Week 99 - Gold and Copper Miners

Situation: Commodities are having a bad year. People who regard gold as a currency, or a safe haven in times of market turmoil and recession, are finding that the US economy is recovering. The great fear that “inflation is just around the corner because the Fed keeps printing money” hasn’t materialized. The Federal Reserve’s preferred inflation indicator (personal consumption expenditures) continues to moderate and is now 1% (year-over-year). People who regard copper production as being so essential to infrastructure investment that they refer to it as “Dr. Copper” are again correct. 

Taken as a whole, the economies of the world are slowly emerging from a slack period. (Dr. Copper reflects that fact.) Yes, the US economy is growing at 2%/yr but European economies are shrinking 2%/yr and Asian economies are struggling to grow 4%/yr--somewhat slower than their former pace.

The great mining companies of Australia (BHP Billiton and Rio Tinto), which mainly export iron ore to China, are shelving their expansion plans (read this link). Whereas the production of most commodities couldn't keep up with demand just a few years ago, supplies now exceed demand. Spot prices continue to fall and production cutbacks are reported almost monthly. Copper production mainly gets warehoused. What to make of all this? Input costs are facilitating the production of finished goods instead of constraining production.

But investors know that infrastructure spending has to increase soon, given that the world’s population increases by 220,000 a day. They also know that governments will engage in deficit spending, and central bankers will engage in “easy money” policies, as long as sub-par growth crimps tax revenues. So gold and copper producers aren’t about to close up shop. Spot prices for gold and copper are simply in the downward phase of what economists like call “reversion to the mean.” The upward phase will resume when economic growth returns to Europe because that's where the bottleneck is located. The BRIC countries (Brazil, Russia, India, and China) are the engine of globalization; those countries cannot grow unless they export a growing volume of goods to Europe.

For this week’s Table, we’re using the recently released Barron’s 500 list as our guide. That list weights 3 items equally: 
   a) sales growth for 2012, 
   b) median "cash-flow based" return on investment (ROIC) for the past 3 years, and 
   c) cash-flow based ROIC for 2012. 
Here at ITR, we view those factors above all others in assessing current Finance Value.

All of the mining-related companies on that list are in the Table. We have also included two railroad companies that play key roles in North American commodity production--Canadian National (CNI) and Union Pacific (UNP)--as well as Caterpillar (CAT), which is the dominant manufacturer of mining equipment. Three gold producers also make the list: Goldcorp (GG), Barrick Gold (ABX), and Newmont Mining (NEM). In addition, the two largest copper producers are included: Freeport-McMoRan Copper & Gold (FCX) and Southern Copper (SCCO). Remember, where copper is found there will also be some gold (and vice-versa). Pure gold emerges as a by-product when copper is purified by electrolysis. 

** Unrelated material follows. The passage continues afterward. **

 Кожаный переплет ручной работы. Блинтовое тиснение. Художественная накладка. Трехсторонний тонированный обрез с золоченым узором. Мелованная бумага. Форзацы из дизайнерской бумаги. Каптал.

Bottom Line: Commodity producers have large fixed costs, and that kind of investment only happens when a commodity becomes expensive because it is in short supply. This raises input costs, putting a brake on production and driving up the cost of finished products. Once production expands, however, the opposite happens. This “commodity cycle” typically last for ~15 yrs. For gold and copper, we’re at the end of one cycle and looking to start another when Europe emerges from recession. 

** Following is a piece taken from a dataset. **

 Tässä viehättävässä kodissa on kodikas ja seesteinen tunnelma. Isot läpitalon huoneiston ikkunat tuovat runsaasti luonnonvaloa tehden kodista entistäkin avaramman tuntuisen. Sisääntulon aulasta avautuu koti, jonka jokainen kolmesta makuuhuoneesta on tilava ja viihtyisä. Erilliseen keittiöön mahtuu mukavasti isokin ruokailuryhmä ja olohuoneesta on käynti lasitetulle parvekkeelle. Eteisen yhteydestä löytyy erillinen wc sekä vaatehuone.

You, as someone who is saving for retirement, probably have a shorter horizon and shouldn’t be investing in commodity producers. The price swings are simply too great. But if you can’t resist the temptation, stick to a low-cost commodity mutual fund such as T. Rowe Price New Era fund (PRNEX in the Table). Better yet, invest in the lowest-volatility railroad stock (CNI) or the lowest-volatility oil stock (XOM).

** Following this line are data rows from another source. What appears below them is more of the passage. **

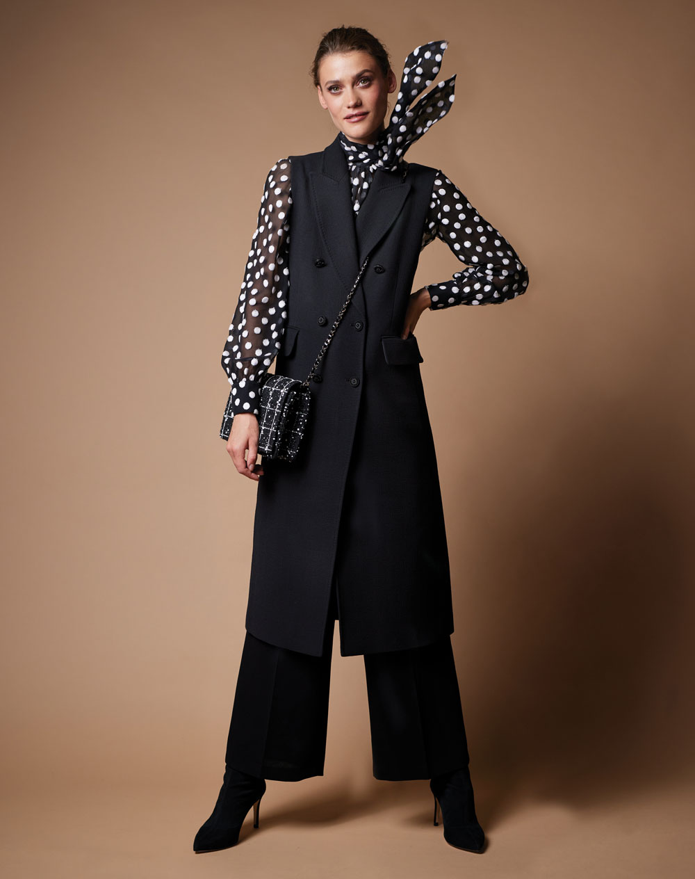 Black Anna sleeveless waistcoat, €1,395; black Rae cropped trousers, €695; polka-dot silk blouse, to order; tweed Louise crossbody bag, €1,995; all at LOUISE KENNEDY, 56 Merrion Square, Dublin 2; www.louisekennedy.com. Black suede boots, €650, at LK Bennett, Dundrum Town Centre, Dublin 16.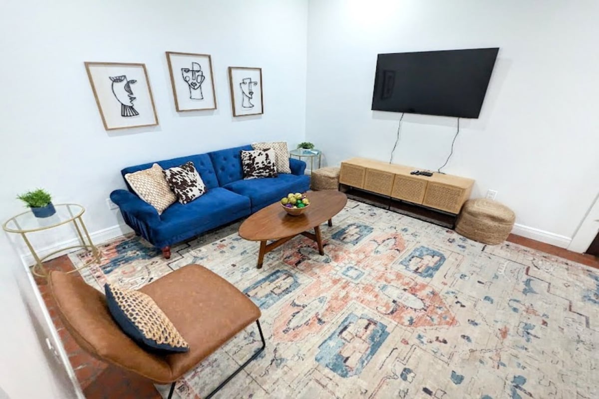 Gorgeous two persons suite, short walk to Frenchmen St. (3 mns) and the French Quarter (10 mns). Perfect for solo traveler or a couple, this comfortable apartment in a renovated single shotgun has a queen bed, a walk-in shower, a retro kitchenette (no full kitchen) and a large, shared outdoor patio. The place has a little bit of everything you need to experience New Orleans like a fabulous local. It consists of a bedroom, a living room, and a large bathroom.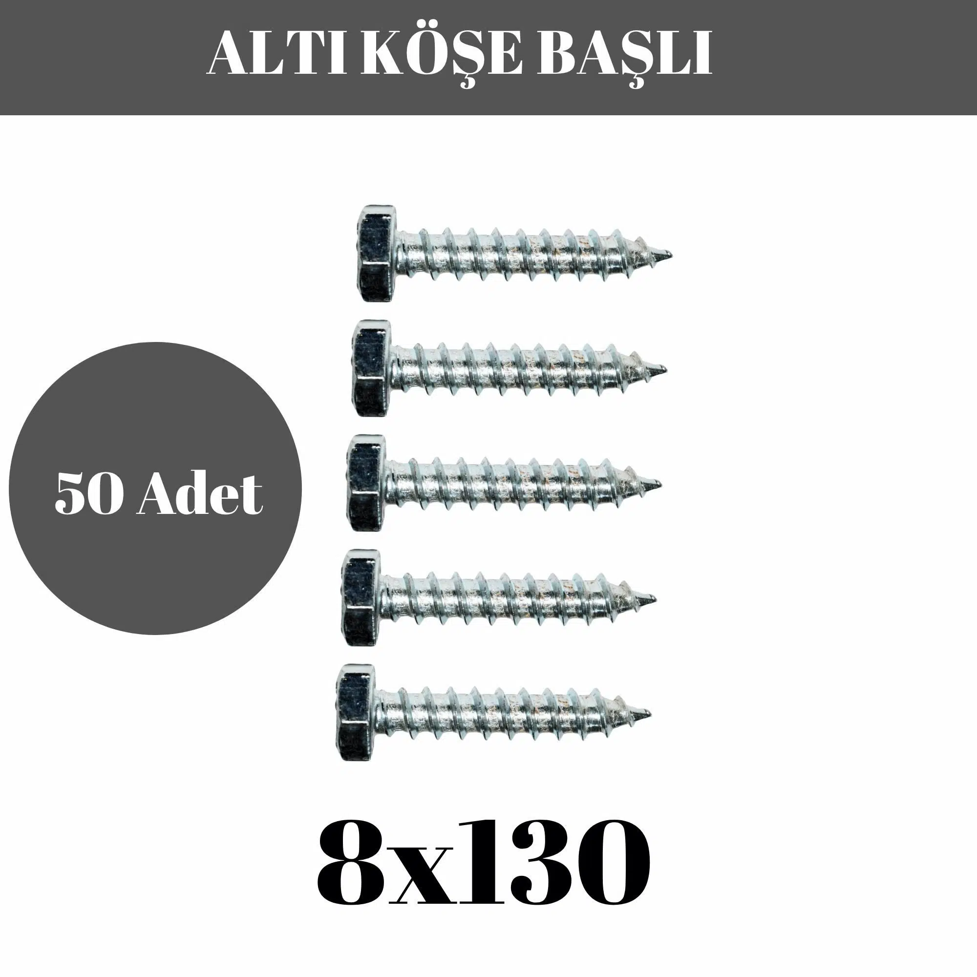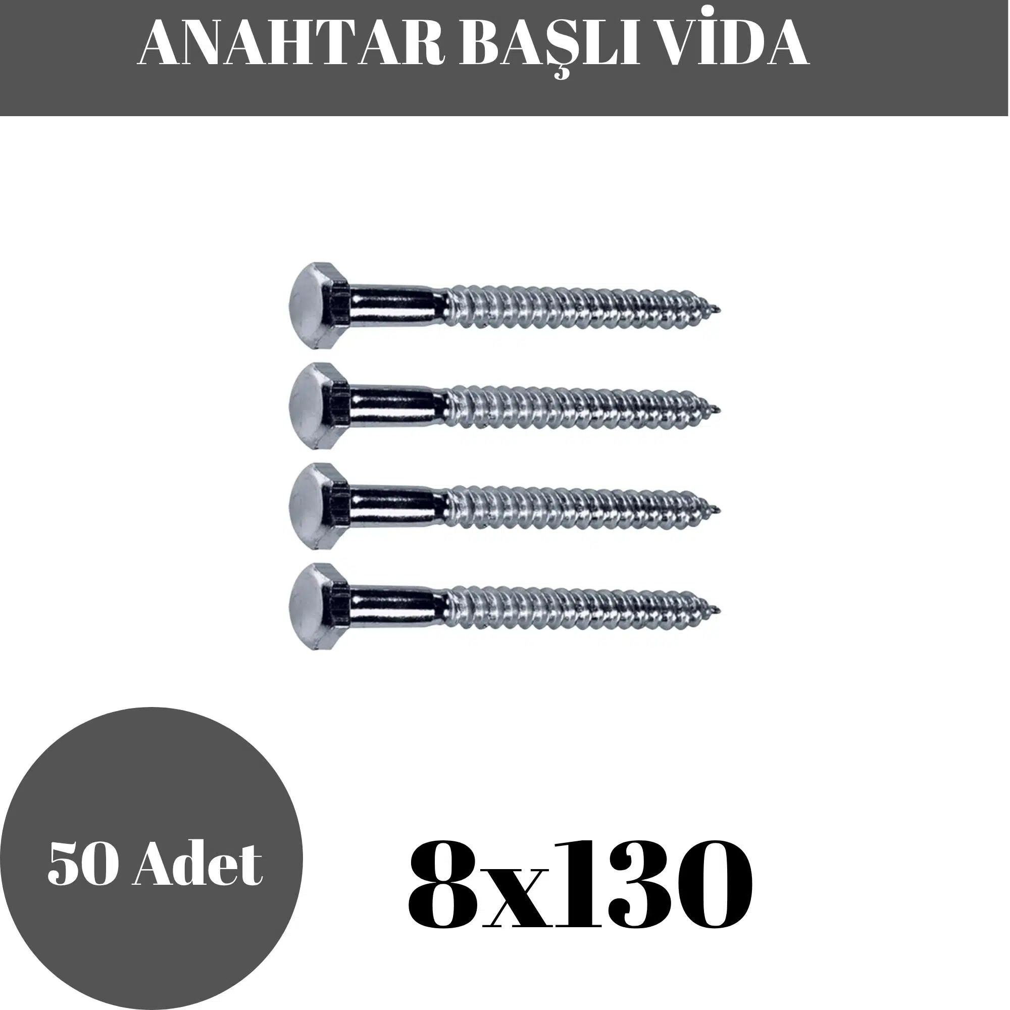 Trifon Vida 8x130 mm Altı Köşe Anahtar Başlı Vida  50'li Paket

Remember, the whole point of commodity investing is to participate in the long and strong up-periods of the commodity cycle. The problem is that the down-periods get recognized belatedly and suddenly. That means you probably won’t be able to sell in time to realize a good profit. You'll want to find a company that lives off commodities but also makes money during recessions. For example, railroads haul everyday essentials; integrated oil companies operate gas stations and produce petrochemicals that are used to make plastics.

Risk Rating: 9.

Full Disclosure: I have stock in CNI, XOM, and CAT.